CBN Berikan Lisensi Perbankan Super-Agent Kepada Startup Fintech, Kippa

Startup fintech Nigeria, Kippa mengumumkan bahwa Bank Sentral Nigeria (CBN) telah memberikannya lisensi Super-Agent Banking, sehingga memberi perusahaan pengaruh untuk mendorong ambisinya untuk memudahkan siapa saja memulai dan menjalankan bisnis kecil yang menguntungkan di Afrika .

Super-Agent, entitas berlisensi korporat yang diberdayakan untuk melakukan kegiatan perbankan tertentu dalam masyarakat seperti setoran dan penarikan tunai, pembayaran tagihan (utilitas, pajak, tarif rumah sewa, langganan, dll.), pencairan tunai dan pembayaran tunai pinjaman, dll, harus dilisensikan oleh regulator Nigeria yang membuat lisensi ini untuk memungkinkan lebih banyak entitas yang bukan lembaga keuangan menyediakan layanan yang mempromosikan inklusi keuangan.

Kippa, yang diluncurkan Juni tahun lalu dimulai sebagai aplikasi manajemen keuangan yang memungkinkan pemilik usaha kecil melacak transaksi pendapatan dan pengeluaran harian mereka, membuat faktur dan kwitansi, mengelola inventaris, dan secara umum memantau kinerja bisnis mereka dari waktu ke waktu.

Perusahaan pada November 2021 telah mengumpulkan $ 3,2 juta dalam pendanaan awal, dengan putaran yang dipimpin oleh VC Target Global yang berbasis di Berlin. VC lain yang berpartisipasi termasuk Entrée Capital, Alter Global dan Rally Cap Ventures. Babs Ogundeyi (CEO Kuda), Kyane Kassiri, Sriram Krishnan (investor di Khatabook), Raffael Johnen (CEO Auxmoney) dan investor malaikat lainnya berinvestasi bersama.

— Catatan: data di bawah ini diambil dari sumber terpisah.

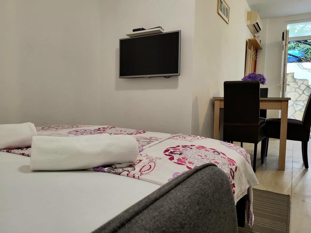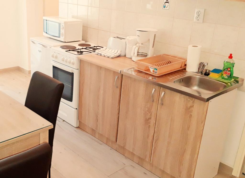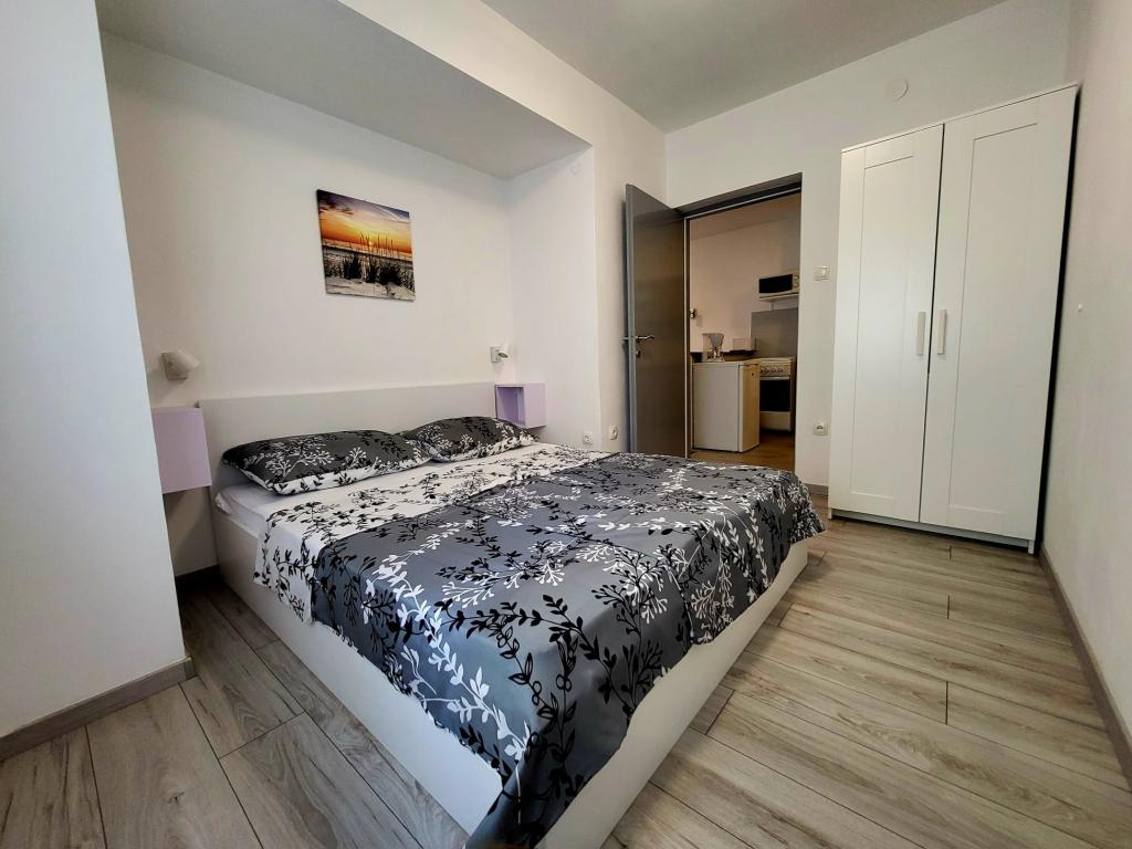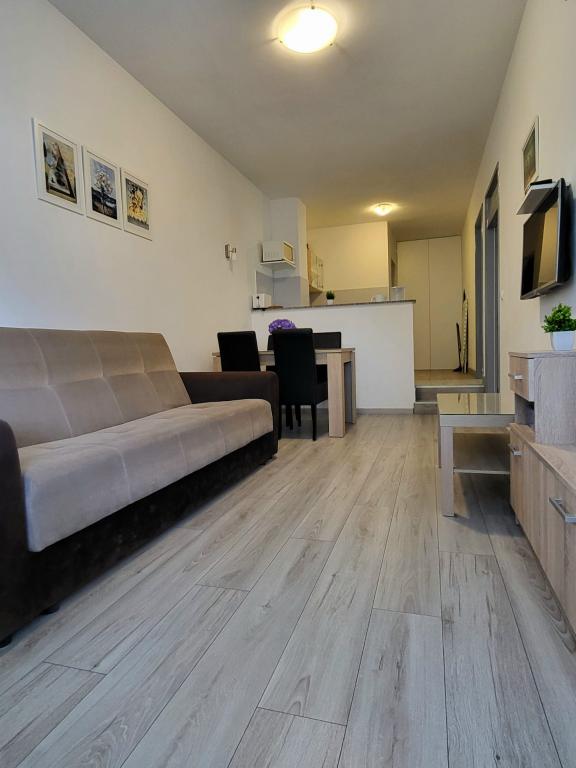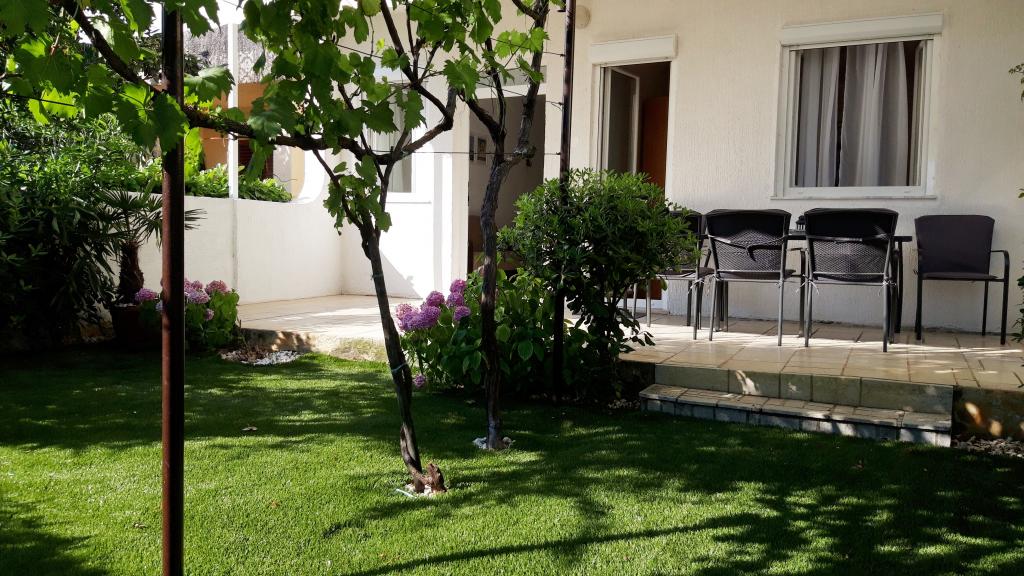 apartamente cu terasă și grădină mică, parcare gratuită, Wi-Fi, 280m de la mare, 50 de magazine și o cafenea, o plimbare liniștită, 12min de-a lungul coastei în oraș complet mobilat.

Startup, yang pada November 2021 memiliki lebih dari 130.000 bisnis aktif yang telah memproses $ 130 juta, mengungkapkan bahwa sekarang memiliki lebih dari 500.000 pedagang terdaftar dalam jaringannya, mencatat bahwa mereka telah mencatat nilai transaksi tahunan lebih dari $ 3 miliar.

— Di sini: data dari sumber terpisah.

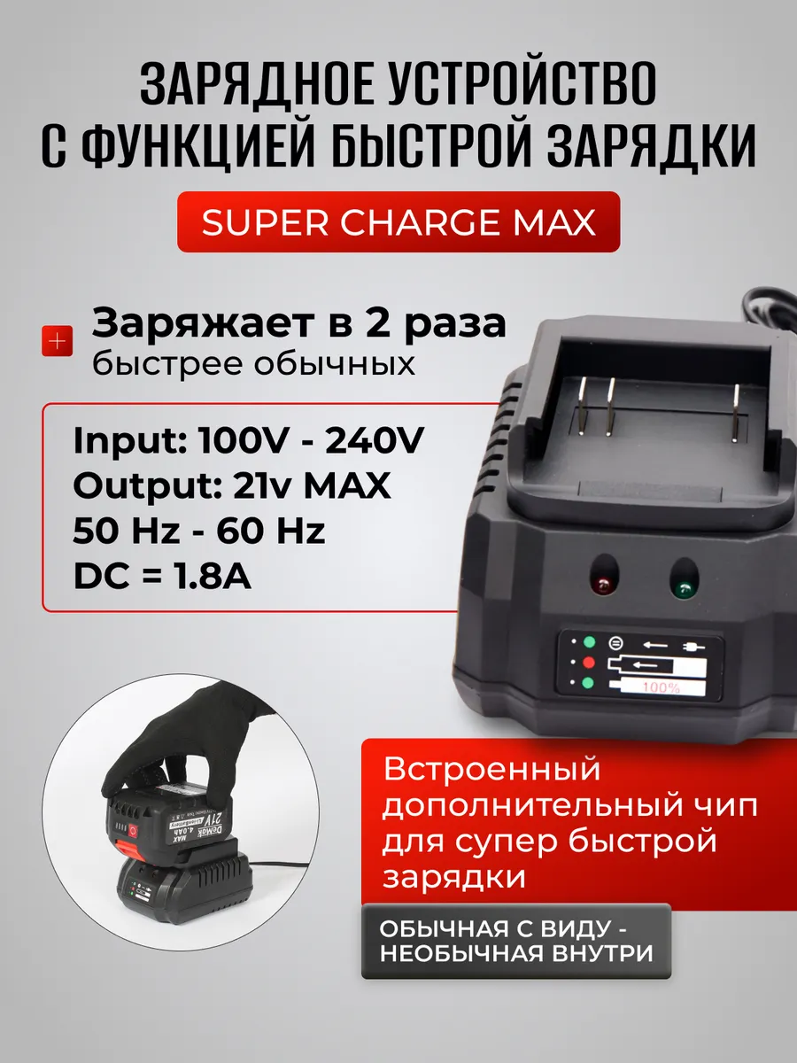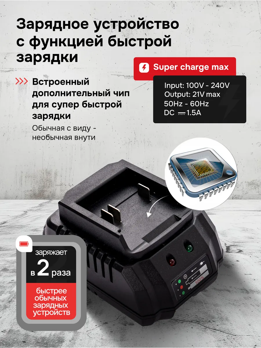 Питание Напряжение - 21 В Тип аккумулятора - Li-Ion Емкость аккумулятора - 4000 мА*ч
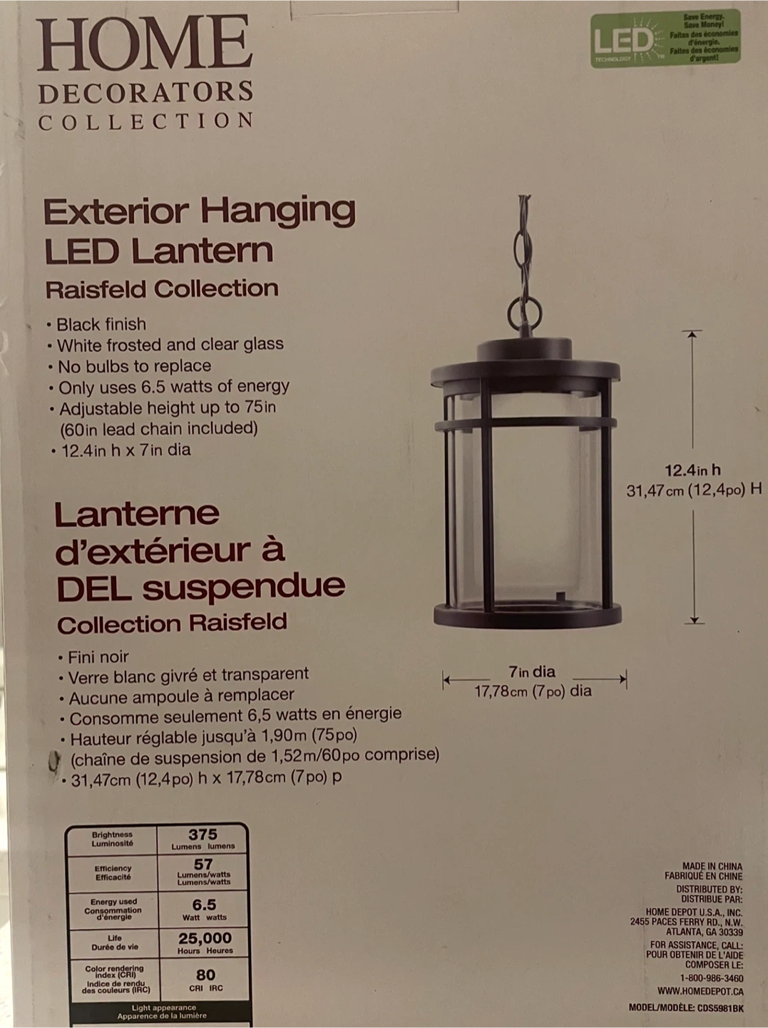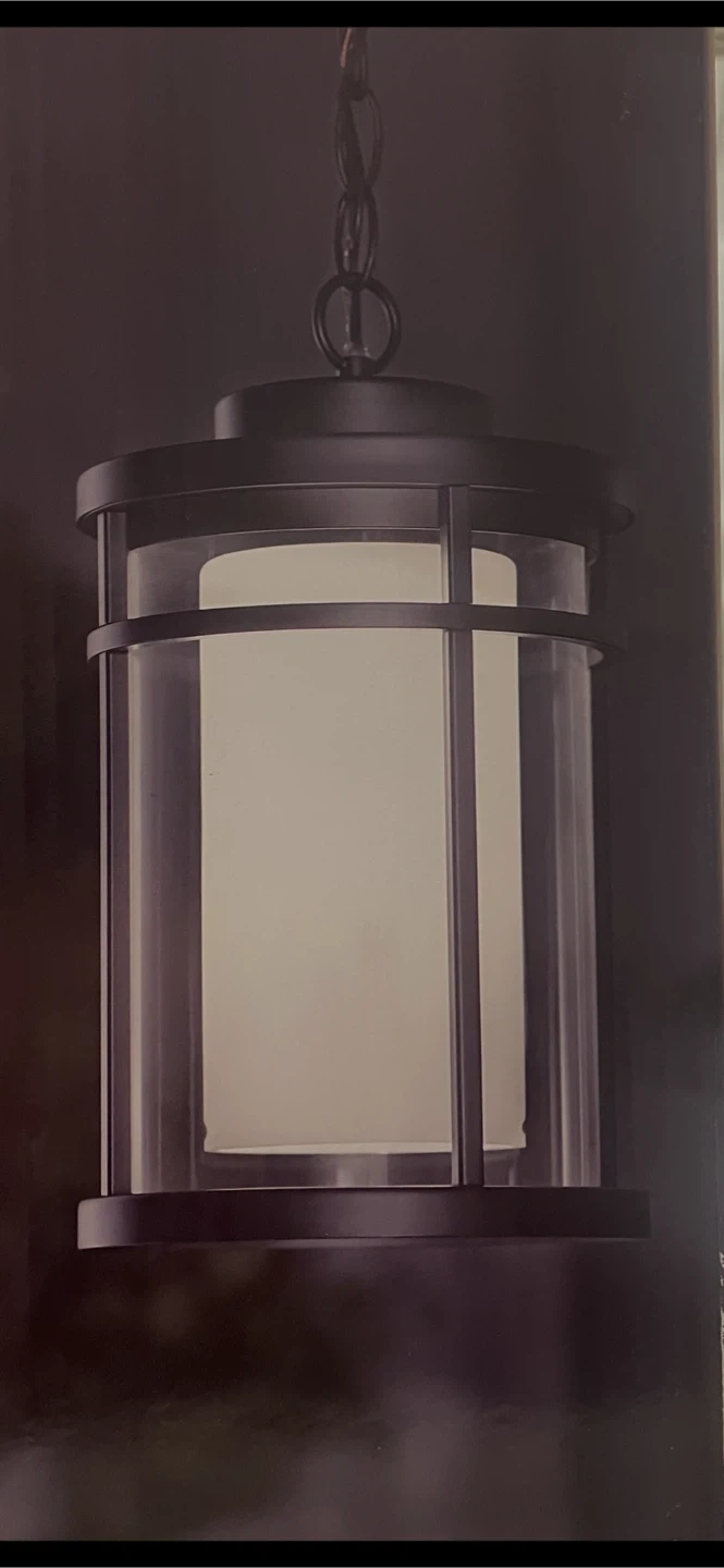 Selling a brand new LED Exterior Hanging Lantern, still in its original box! It features a sleek black finish with white frosted and clear glass. No need to replace any bulbs, as it only uses 6.5 watts of energy. Dimensions are 12.4 inches in height and 7 inches in diameter.I have 2 of those lanterns.
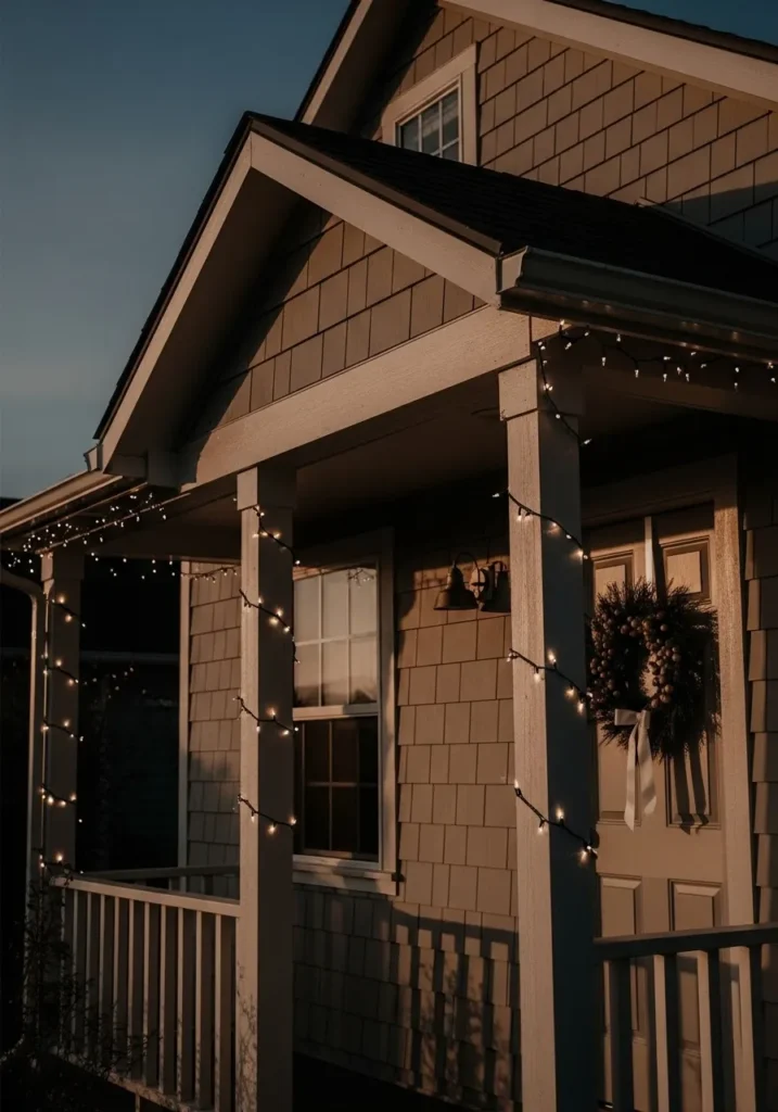 This cozy porch has the loveliest understated glow. Warm white fairy lights are wrapped neatly around the columns and along the trim, adding a soft sparkle that catches the last bit of sunset. The neutral shingle siding and pale beige door create a calm, earthy backdrop, while the natural wreath with muted tones keeps the decor elegantly simple. Everything feels warm, quiet, and timeless—like the kind of scene you’d see at golden hour on a peaceful December evening.

CEO dan salah satu pendiri Kippa Kennedy Ekezie menggambarkan akuisisi lisensi ini sebagai langkah logis berikutnya untuk startup fintech dalam sebuah wawancara dengan TechCabal, mengatakan:

“Apa yang dilakukan oleh lisensi ini adalah memungkinkan kami untuk benar-benar memberdayakan semua pelanggan kami dengan alat, dan infrastruktur untuk tidak hanya menerima pembayaran, tetapi untuk mulai menawarkan layanan keuangan kepada pelanggan akhir mereka,” kata Ekezie. “Ini memberi kami kesempatan untuk menerapkan integrasi dengan sakelar nasional dan memungkinkan kami untuk menyediakan bisnis-ke-bisnis dan platform serta layanan ke fintech lain.”

Kippa yang memiliki lisensi menandakan bahwa ia selangkah lebih dekat untuk menjadi neobank, mengikuti jejak banyak startup fintech Afrika seperti Fairmoney, Eversend dan Branch telah berevolusi menjadi satu.

Tetapi CEO Ekezie dalam panggilan dengan TechCabal berpendapat bahwa Kippa belum memikirkan langkah neobank.

“Kami pasti tidak akan menggunakan kata neobank untuk menggambarkan apa yang kami coba lakukan,” kata Ekezie. “Apa yang diinginkan bisnis bukanlah tempat baru untuk menaruh uang mereka, dari pengalaman saya. Bisnis menginginkan peluang, alat, dan keuangan untuk tumbuh secara berkelanjutan dan dengan cara yang menguntungkan. Dengan pemikiran itu, kami mencoba untuk terus memberikan mereka solusi untuk memungkinkan mereka melakukan itu.”

Startup ini melayani pedagang di 36 negara bagian Nigeria dengan Lagos, Ibadan, Abuja, Port Harcourt dan Kano, lima negara bagian teratas di mana kehadiran pedagangnya dirasakan.